Segment Start: Data listing

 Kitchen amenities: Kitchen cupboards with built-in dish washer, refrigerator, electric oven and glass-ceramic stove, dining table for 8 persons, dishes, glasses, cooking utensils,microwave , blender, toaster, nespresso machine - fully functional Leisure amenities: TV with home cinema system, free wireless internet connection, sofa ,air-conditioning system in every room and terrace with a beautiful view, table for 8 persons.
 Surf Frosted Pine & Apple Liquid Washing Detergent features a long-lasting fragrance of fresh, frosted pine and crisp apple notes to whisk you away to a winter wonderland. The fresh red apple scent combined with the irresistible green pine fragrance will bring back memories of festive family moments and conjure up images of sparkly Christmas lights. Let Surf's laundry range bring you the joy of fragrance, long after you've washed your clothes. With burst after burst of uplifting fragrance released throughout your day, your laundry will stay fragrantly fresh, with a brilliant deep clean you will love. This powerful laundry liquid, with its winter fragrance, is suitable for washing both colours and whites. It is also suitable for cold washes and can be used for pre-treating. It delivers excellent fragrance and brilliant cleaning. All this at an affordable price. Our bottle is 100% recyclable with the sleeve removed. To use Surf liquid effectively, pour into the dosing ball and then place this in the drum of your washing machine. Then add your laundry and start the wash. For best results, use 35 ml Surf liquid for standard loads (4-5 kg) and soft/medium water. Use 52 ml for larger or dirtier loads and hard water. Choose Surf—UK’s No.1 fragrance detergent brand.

Segment End: Data listing
Segment Start: Data listing

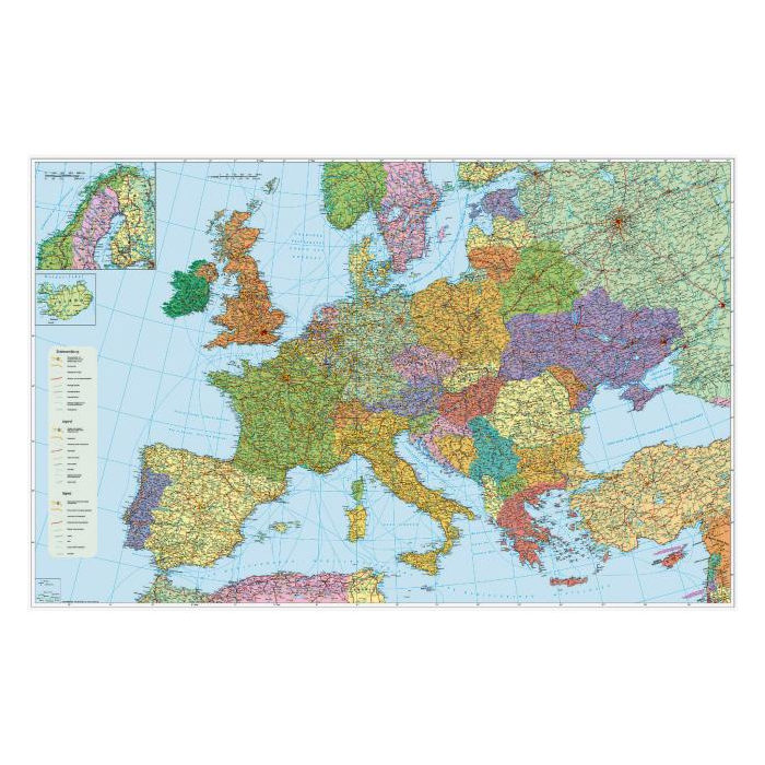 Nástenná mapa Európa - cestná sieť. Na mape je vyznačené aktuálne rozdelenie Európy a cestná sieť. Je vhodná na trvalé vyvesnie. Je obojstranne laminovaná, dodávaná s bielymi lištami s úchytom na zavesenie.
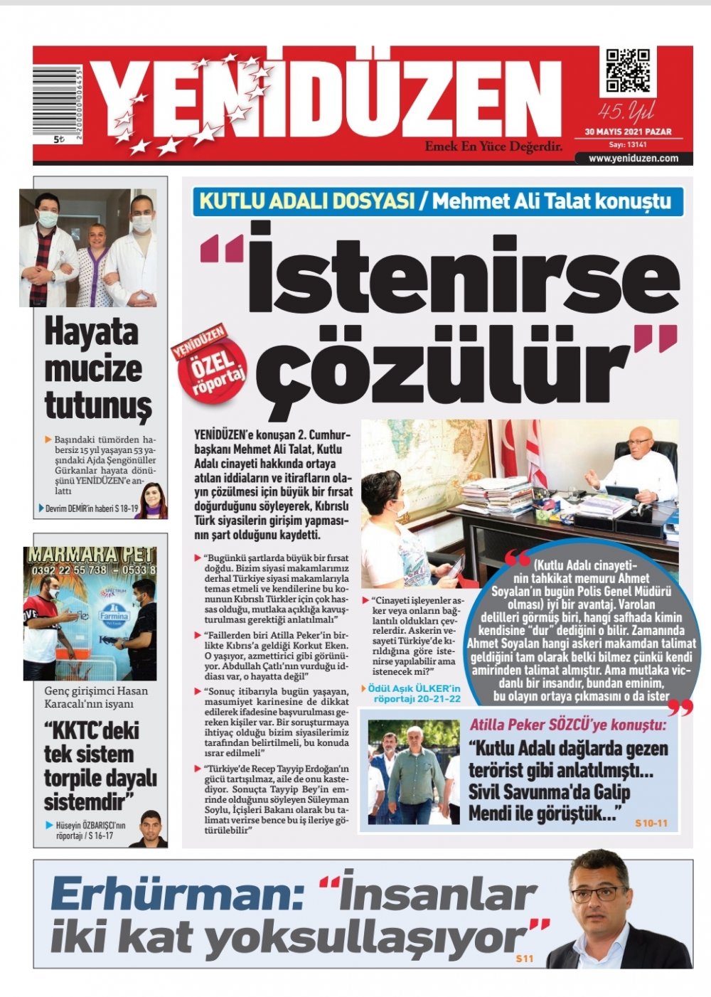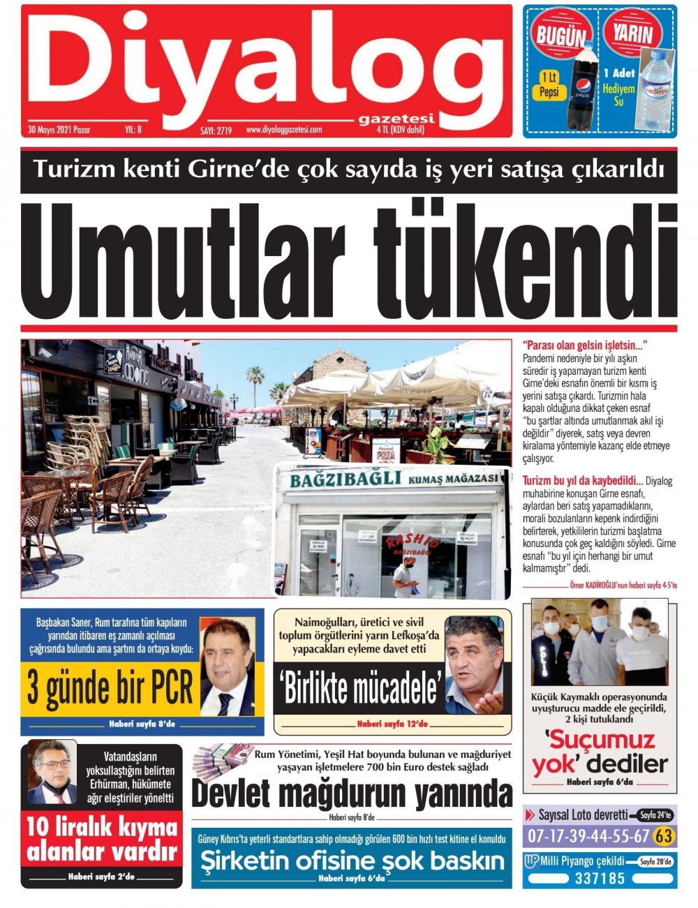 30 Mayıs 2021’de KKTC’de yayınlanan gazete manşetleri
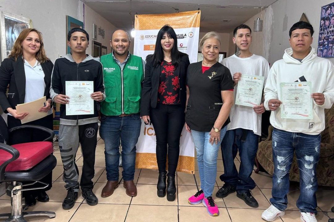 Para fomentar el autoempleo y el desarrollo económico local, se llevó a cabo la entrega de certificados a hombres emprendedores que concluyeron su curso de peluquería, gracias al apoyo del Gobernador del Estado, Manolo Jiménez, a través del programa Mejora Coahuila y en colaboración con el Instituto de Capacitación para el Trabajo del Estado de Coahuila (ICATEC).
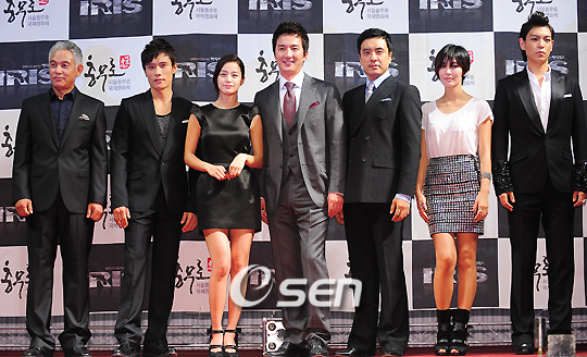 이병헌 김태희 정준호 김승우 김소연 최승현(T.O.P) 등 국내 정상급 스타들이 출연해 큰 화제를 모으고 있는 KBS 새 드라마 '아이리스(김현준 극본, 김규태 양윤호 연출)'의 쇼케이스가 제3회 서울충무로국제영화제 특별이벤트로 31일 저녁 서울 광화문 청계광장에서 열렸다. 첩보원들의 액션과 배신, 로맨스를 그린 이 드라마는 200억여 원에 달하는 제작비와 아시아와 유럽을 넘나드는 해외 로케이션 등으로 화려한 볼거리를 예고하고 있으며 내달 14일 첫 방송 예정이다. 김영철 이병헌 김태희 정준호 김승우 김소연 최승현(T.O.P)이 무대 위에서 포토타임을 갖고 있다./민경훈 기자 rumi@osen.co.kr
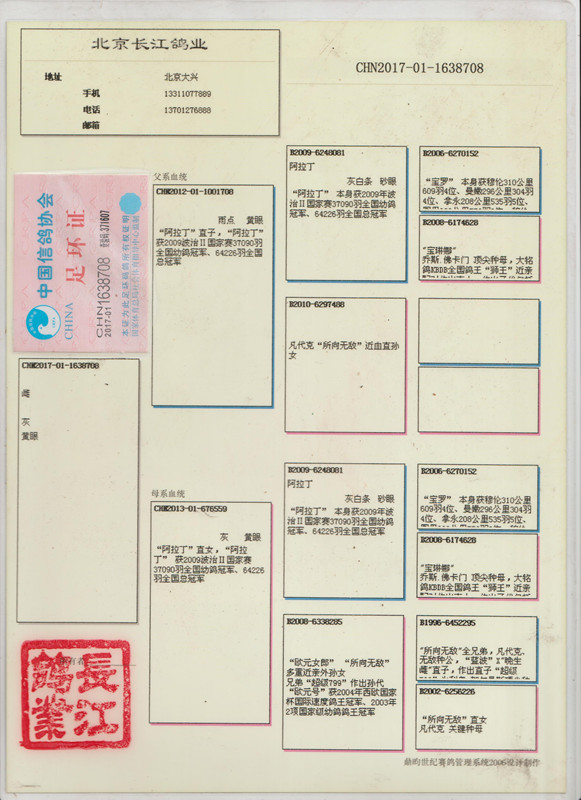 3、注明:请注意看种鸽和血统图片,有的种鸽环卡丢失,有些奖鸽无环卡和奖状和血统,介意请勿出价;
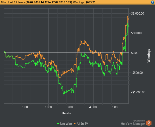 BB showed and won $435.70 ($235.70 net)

Segment End: Data listing

:: What is being asked ::
Of the records above, print only the lines from the one containing "30 Mayıs 2021’de" through the one containing "BB showed and won $435.70 ($235.70 net)", inclusive and unaltered, leaving out pictures.

:: Answer box ::
 30 Mayıs 2021’de KKTC’de yayınlanan gazete manşetleri
 Para fomentar el autoempleo y el desarrollo económico local, se llevó a cabo la entrega de certificados a hombres emprendedores que concluyeron su curso de peluquería, gracias al apoyo del Gobernador del Estado, Manolo Jiménez, a través del programa Mejora Coahuila y en colaboración con el Instituto de Capacitación para el Trabajo del Estado de Coahuila (ICATEC).
 이병헌 김태희 정준호 김승우 김소연 최승현(T.O.P) 등 국내 정상급 스타들이 출연해 큰 화제를 모으고 있는 KBS 새 드라마 '아이리스(김현준 극본, 김규태 양윤호 연출)'의 쇼케이스가 제3회 서울충무로국제영화제 특별이벤트로 31일 저녁 서울 광화문 청계광장에서 열렸다. 첩보원들의 액션과 배신, 로맨스를 그린 이 드라마는 200억여 원에 달하는 제작비와 아시아와 유럽을 넘나드는 해외 로케이션 등으로 화려한 볼거리를 예고하고 있으며 내달 14일 첫 방송 예정이다. 김영철 이병헌 김태희 정준호 김승우 김소연 최승현(T.O.P)이 무대 위에서 포토타임을 갖고 있다./민경훈 기자 rumi@osen.co.kr
 3、注明:请注意看种鸽和血统图片,有的种鸽环卡丢失,有些奖鸽无环卡和奖状和血统,介意请勿出价;
 BB showed and won $435.70 ($235.70 net)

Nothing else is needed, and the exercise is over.